Concept: stoichiometry; molarity; precipitation; molar mass
What volume (in mL) of each of the following bases will will completely react with 25.0 mL of 0.200 M HCl?
- 0.100 M NaOH
- 0.0500 M Sr(OH)2
- 0.250 M KOH
Solution
Answer: 50.0 mL; 50.0 mL; 20.0 mL
A
\[\begin{align*} \mathrm{HCl(aq)} + \mathrm{NaOH(aq)} \longrightarrow \mathrm{H_2O(l)} + \mathrm{NaCl(aq)} \end{align*}\]

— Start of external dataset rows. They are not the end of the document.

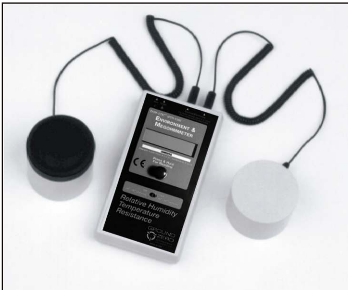
Figure 5 - ZeroStat MTR-1000 Point-to-Ground Test
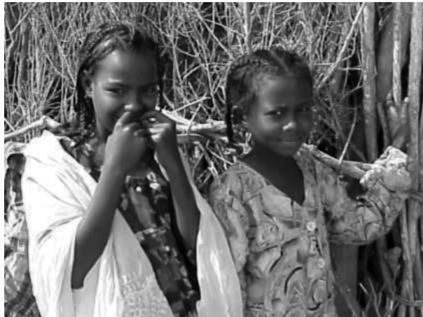
Two girls in Foro, one of the villages visited in the national malaria prevalence survey

Eritrea lies along the Red Sea coast in the Horn of Africa, at the northernmost limit of malaria transmission in the region. About two-thirds of its 3.5 million people live in malaria endemic or epidemic-prone areas, and malaria accounts for approximately 30% of clinic visits and hospital admissions.
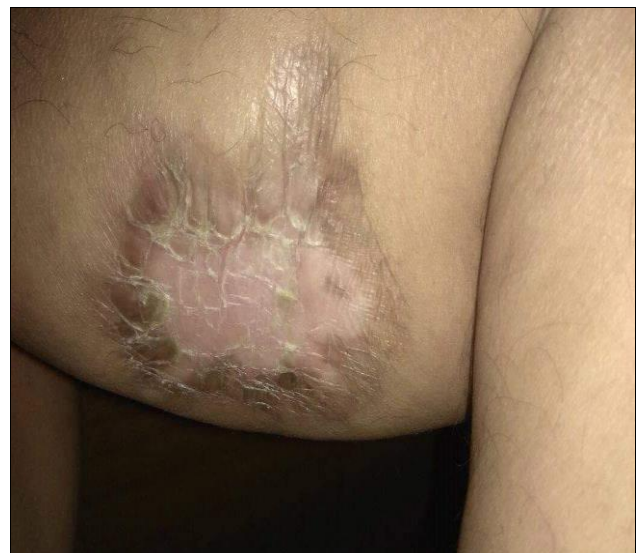
Fig 6: 27 th September, 2020
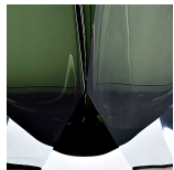
Forest Green & Clear

\[\begin{align*} V(\mathrm{NaOH}) &= n(\mathrm{NaOH}) ~ c(\mathrm{NaOH})^{-1} \\[1.5ex] &= n(\mathrm{HCl}) ~ r(\mathrm{NaOH,HCl}) ~ c(\mathrm{NaOH})^{-1} \\[1.5ex] &= c(\mathrm{HCl}) ~ V(\mathrm{HCl}) ~ r(\mathrm{NaOH,HCl}) ~ c(\mathrm{NaOH})^{-1} \\[1.5ex] &= \dfrac{0.200~\mathrm{mol~NaOH}}{\mathrm{L}} \left ( \dfrac{25.0~\mathrm{mL}}{} \right ) \left ( \dfrac{\mathrm{mol~NaOH}}{\mathrm{mol~HCl}} \right ) \left ( \dfrac{\mathrm{L}}{0.100~\mathrm{mol~NaOH}} \right ) \\[1.5ex] &= 50.0~\mathrm{mL} \end{align*}\]
B
\[\begin{align*} \mathrm{2~HCl(aq)} + \mathrm{Sr(OH)_2(aq)} \longrightarrow \mathrm{2~H_2O(l)} + \mathrm{SrCl_2(aq)} \end{align*}\]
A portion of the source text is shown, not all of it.